According to ICRA, the AUM of the Indian mutual fund industry grew by nearly 19 per cent to touch Rs 46.63 lakh crore as on August 31, up from Rs. 39.33 lakh crore as on August 31, 2022.
“At the current levels, the industry is nearly half way through its targeted aim of achieving an AUM of Rs 100 lakh crore over the next few years. The growth in AUM is supported by a sense of optimism among investors against the backdrop of the G20 summit successfully hosted by India, the country’s strong growth prospects moving forward and positive global cues,” ICRA said.
Incidentally, benchmark Nifty 50 hit the psychological 20,000 mark for the first time on Monday on the back of upbeat domestic macroeconomic data and positive global cues.
Net inflows into equity-oriented schemes hit a five-month high of Rs 20,245 crore in August, up from Rs. 7,626 crore in July this year, according to data released by the Association of Mutual Funds in India (AMFI).
Equity saw inflows on the back of some marginal dip in Nifty in the month of August, which also acted as a consolidating point and a good value pick opportunity.
Moreover, the trend of higher inflows from individual investors has been on the rise.
Lastly, the comparative advantage position that India enjoys post-China slowdown, and Russia being sidelined, led to higher inflows.
India’s growth prospect remains strong, ICRA said.
Among the growth/equity-oriented schemes, the small and mid-cap funds witnessed inflows to the tune of Rs 4,265 crore and Rs 2,512 crore respectively; sectoral/thematic funds saw net inflows of Rs 4,806 crore while value/contra fund saw inflows of Rs 1,365 crore.
However, large cap, focused and ELSS funds recorded net outflows of Rs 349 crore, Rs 471 crore and Rs 27 crore respectively.
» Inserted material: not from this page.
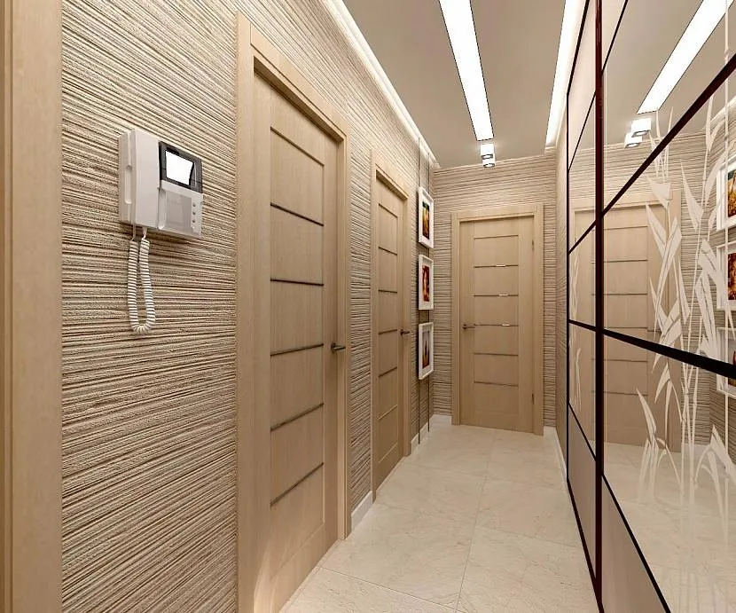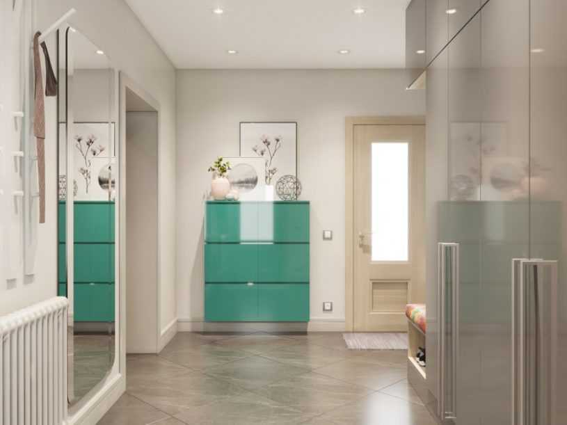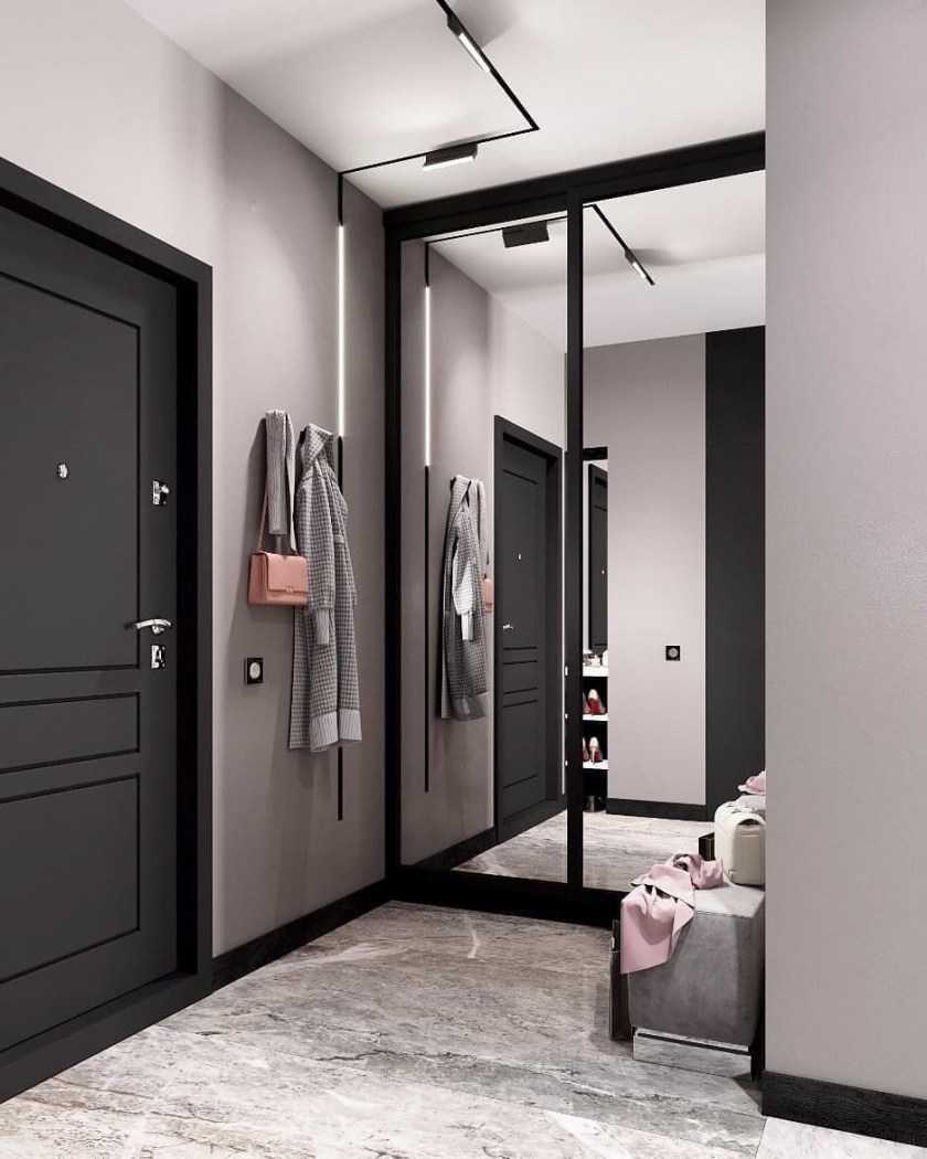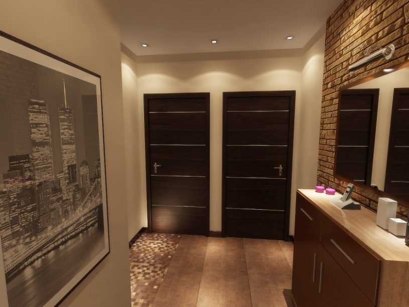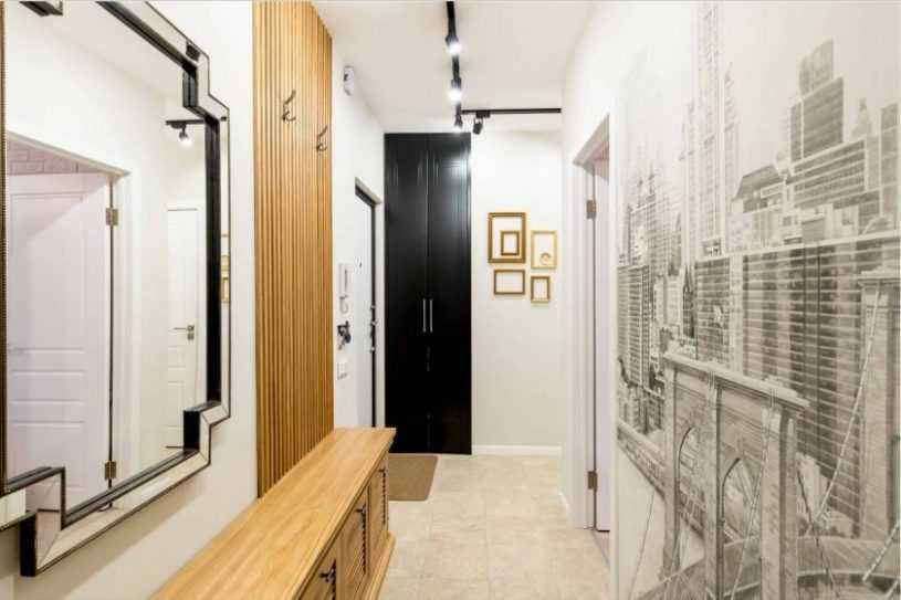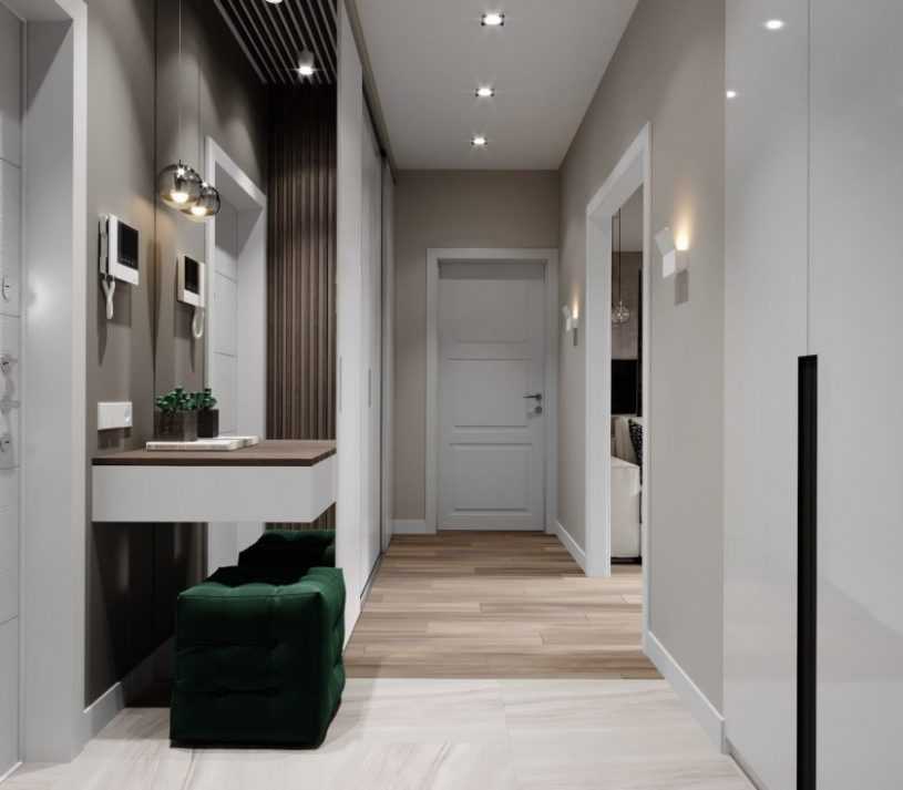 Главный недостаток — отсюда хорошо видны все комнаты в квартире. Чтобы решить эту проблему, нужно закрыть дверь каждой из комнат. Наиболее распространенный способ перепланировки коридора такого типа — разделение его на две функциональные зоны.

Debt mutual funds witnessed net outflows of Rs. 25,873 crore in August as against net inflows of Rs 61,440 crore in July this year with nine out of 16 fund categories witnessing outflows during the month.
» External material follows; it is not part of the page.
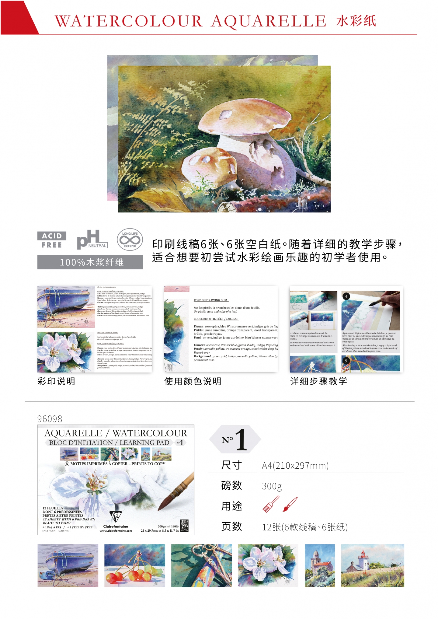 商品说明: 纸张厚实坚韧,吸水性佳不易起皱,显色效果较好。 不含化学增光剂,不会因反光而令人感到刺眼。 内有彩色详细绘画教学步骤,可以跟着一步一步画,适合水彩绘画的初学者使用。 此系列有四款(N1花卉、N2马卡龙、N3马款(方型)、N4马款)可选择,每款皆有六张线稿及六张空白水彩纸可使用。

With festive season nearing, the fear of inflation rising has led to outflows apart from the uncertainty on interest rates and Reserve Bank of India’s stance to maintain an Arjuna-like focus on inflation.
“The Indian equity markets has been witnessing a rally backed by upbeat domestic macroeconomic data, a sense of optimism around India’s growth prospects and positive global cues. This rally in equity markets might have prompted investors to look at equity-oriented schemes. Moreover, we feel investors are adopting a wait and watch approach due to the current uncertainty over the direction of interest rates in the country. This could have led to the higher outflows from debt schemes,” Ashwini Kumar, Head Market Data, ICRA Analytics said.
“However, in the medium to long term, we expect markets to continue to grow on the back of a good growth in the domestic economy,” he added.